Rob Bauer Rob Bauer Foto: Sacha Ruland

Who becomes rich from Private Equity Funds?

In Money
Written by  Femke Kools Thursday, 23 February 2012 09:13

The standards of professional conduct within the Private Equity sector are currently under discussion in the US, following the presidential candidacy of Republican Mitt Romney, who was the head of Private Equity Funds for fifteen years. According to the research conducted at Maastricht University and Yale School of Management, up to 70% of the profit goes to these types of managers.  As a result, institutional investors who finance these funds do not get proper returns. Prof. Dr Rob Bauer, one of the UM researchers in this particular research, tells us more about it.

Private Equity funds are unlisted investment funds. With the help of big co-investors such as large pension funds, they provide capital to starting-up innovative companies (venture capital) or they refinance and restructure troubled companies or divisions of large conglomerates.
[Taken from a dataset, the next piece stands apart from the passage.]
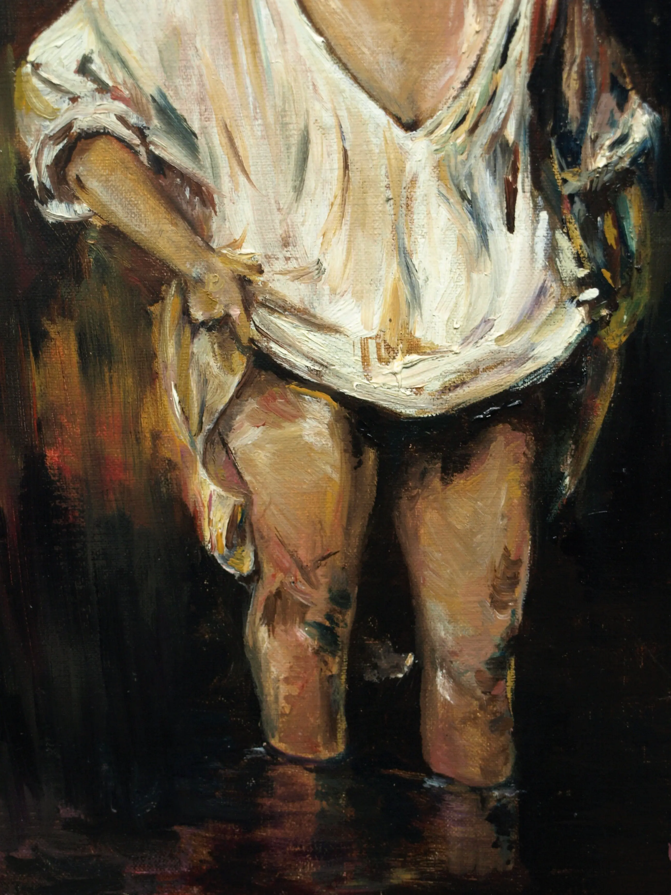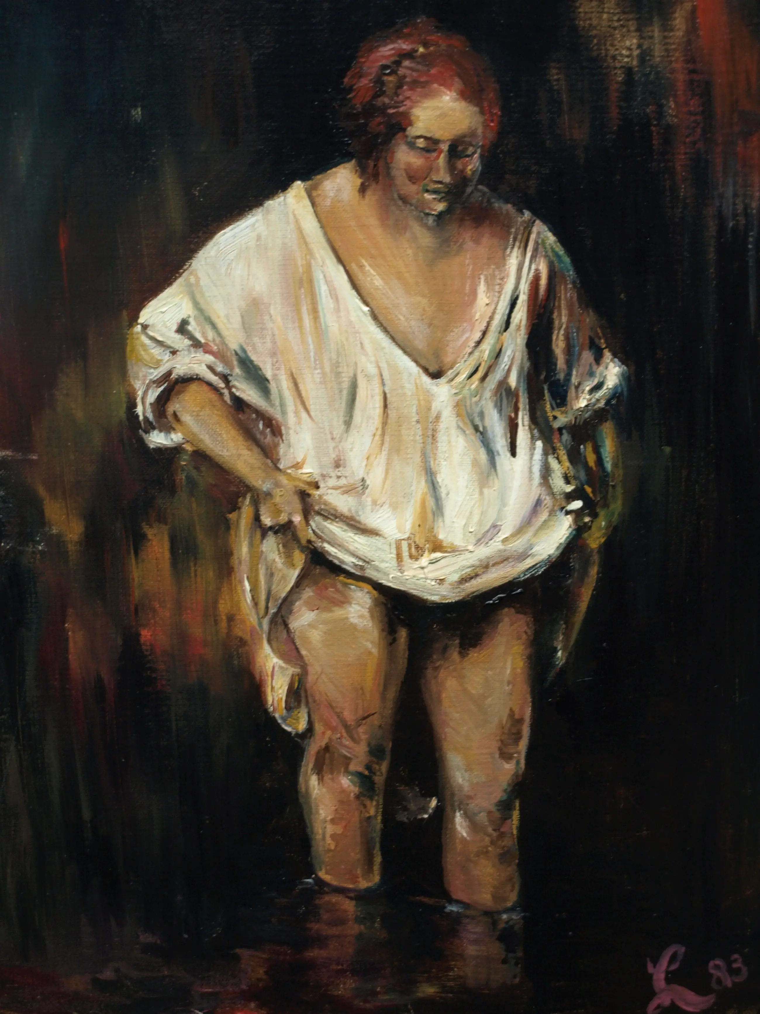 Een schilderij uit 1983 van de Nederlandse kunstenaar Peter Leyenaar (1923-2023). Geschilderd naar het werk van Rembrandt “Badende vrouw” uit 1654 (zie de laatste foto). -Olieverf op doek, opgespannen op een houten spieraam. -Gesigneerd en gedateerd rechtsonder. -Afmetingen: Spieraam, 40 x 30 x 2 cm. Conditie: In zeer goede staat. Zie ook de foto’s voor een eigen indruk.

The ultimate goal is to eventually resell and make big profits. This often occurs at the expense of employment or even survival of the company in question. Unions are not happy, and neither are the employees in some cases. “But on the long term it could be better for a company branch”, says Bauer. “Restructure could lead to a more efficient conduct of business or the rejection of long term unprofitable activities. It can also lead to innovation. In principle, I believe in the purifying effect of stopping things that are not profitable. But of course there are excesses, and then financiers tend to go for short-term profit.”



Morally acceptable
On 27 January, the Financial Times published the article ‘Private Equity profits called into question’ about the professional conduct of the republican presidential candidate Mitt Romney. In his fifteen years as top executive of Bain Capital, of the 77 companies he invested in, 17 went bankrupt; on just one transaction, for instance, he earned 2.5 million dollars. Is this morally acceptable? Professor of Institutional Investors, Dr Rob Bauer, definitely criticises the reward construction within the Private Equity sector. “Fund managers usually get 2% of the assets as management fees plus 20% of the profit as performance fees. When you take over and restructure (a leveraged buyout) a large company, the private equity fund will make huge profits. This incentive structure can lead to very risky investment behaviour: clearly these are wrong incentives. Moreover, 2.5 million dollars in that world is not even such a huge amount.  These managers and their employees earn millions of Euros per year, which is not surprising with such a cost structure. I would prefer a reward system in which clients get a bigger share from profits, and costs are kept as low as possible. This requires good monitoring by knowledgeable investors. But I do not think that you can blame Romney for that. It is simply a legal industry that requires institutional investors to know how the game works. And that is primarily what our research is about.”



Conclusion of the research
The publication entitled ‘Can Large Pension Funds Beat the Market? Asset Allocation, Market Timing, Security Selection and the Limits of Liquidity’, maps out which investment strategy is most profitable for pension funds. “Our main conclusion is that only the larger pension funds reap the benefits of investing in private equity or in so-called Private Investments like infrastructure, real estate and so on. Large funds have sufficient mass, manpower and knowledge to monitor, select and influence the market. Larger funds can spend a lot more time selecting good private equity providers and because of their impact and size, they are more capable of reducing costs. Our research also shows that there’s almost no room for smaller funds in this segment, especially if they hire an additional intermediate party. Fund-of-funds in Private Equity often require a high fixed reward and a substantial variable reward as well, for example, ‘1 and 10’. After cost accumulation, what is then left for the end investor, the pension fund?”
Smaller funds should focus on public markets, researchers say. “They are less affected by the disturbances in market prices (market impact) resulting from large transactions. They are much more flexible and can pick up on a new trend more easily. According to our research, large funds perform significantly worse in those markets.”
To sum up, the message of Rob Bauer and colleagues is: Know what you’re getting yourself into when you invest in Private Equity or similar non-listed investments. As a pension fund, you are only capable of achieving a decent return if you can gather enough knowledge and manpower in your organisation. And that is often only reserved for large pension funds.
The article ‘Can Large Pension Funds Beat the Market? Asset Allocation, Market Timing, Security Selection and the Limits of Liquidity’ was published in September 2011 on the website Social Science Research Network. Besides Rob Bauer, Alexander Andonov from UM and Martijn Cremers from the Yale School of Management also participated in this research.